Embrace advanced manufacturing technologies, such as additive manufacturing, advanced materials, augmented reality (AR) and digital twins. These technologies will increase efficiency, save money and create new job categories.
Implement data analytics and connectivity to improve decision-making and efficiency. Manufacturers can gain insights to optimize processes, predict maintenance needs and reduce downtime by collecting and analyzing data from sensors, machines and other sources.
Enhance workforce skills and create new categories of jobs. While technology is essential, the human part of the equation is still critical for advancement. Implementing these strategies will require upskilling and reskilling the current manufacturing workforce. According to the National Association of Manufacturers, many domestic manufacturers need more skilled workers. Companies can leverage incentives and invest in training programs, partnerships with educational institutions and apprenticeship initiatives to develop a skilled workforce.
The U.S. government is significantly investing in incentives to bring manufacturing back stateside. These initiatives include financing domestic manufacturing, expanding access to capital for small manufacturers and maintaining technological leadership.
Targeted incentives that address the core problems should be encouraged. For example, electric vehicle tax credits promote cars assembled in North America, enabling a lithium-ion battery supply chain in the U.S.
The downside is that such incentives tend to benefit large corporations rather than the small- and medium-sized enterprises (SMEs) that are the backbone of U.S. manufacturing. The government can offer similar tax credits to SMEs that invest a certain percentage of revenue to upskilling their employees.
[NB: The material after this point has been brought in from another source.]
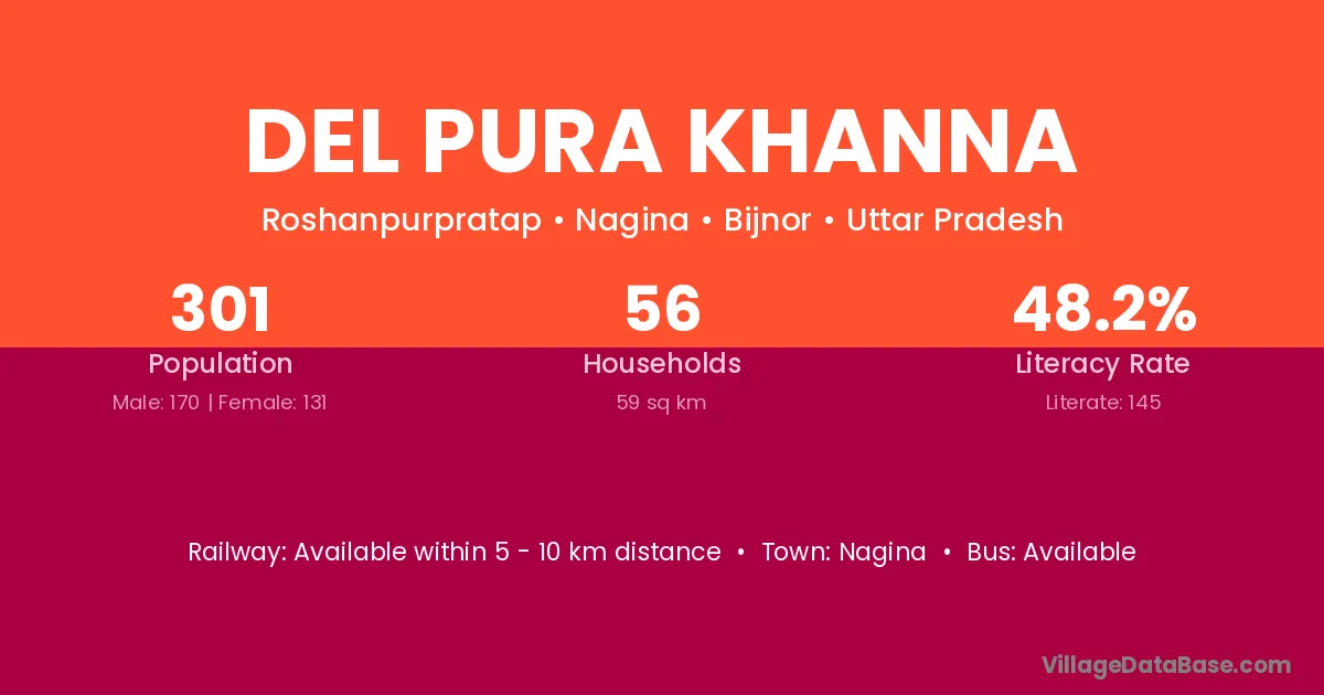Del Pura Khanna village has a total population of 301 people, of which 170 are males and 131 are females.
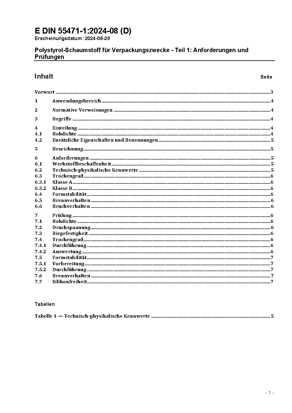 Polystyrol-Schaumstoff für Verpackungszwecke; Anforderungen, Prüfung

Additionally, changing investment regulations can make the availability of capital easier and less expensive for companies that reshore production.
There is both good and bad news. While more meaningful government incentives are needed, companies, especially SMEs, must use those currently available. Major companies such as General Motors, GE Appliances, Intel, U.S. Steel and Lockheed Martin are all investing significant money in new manufacturing facilities. Walmart previously announced a $350 billion investment to make U.S. manufacturing more “affordable and feasible,” and General Electric plans to invest $450 million in its manufacturing facilities.
At the same time, however, as these companies invest in a domestic manufacturing future, American imports from low-cost labor markets—led by Vietnam—have increased. The outlook for bringing manufacturing back to North America is mixed. While COVID created numerous hardships, the disruption of the pandemic also motivated many companies to strengthen their supply chains and move suppliers from China. Some were reshored to North America to make the availability of manufacturing inputs more stable and sustainable.
Though much depends on federal and state governments and manufacturers, the future can be brighter. It will require rethinking government incentives to include support for small- and medium-sized manufacturers to produce in the U.S., especially when it requires significant investments in automation, AI and other new technologies to restore a vibrant manufacturing economy.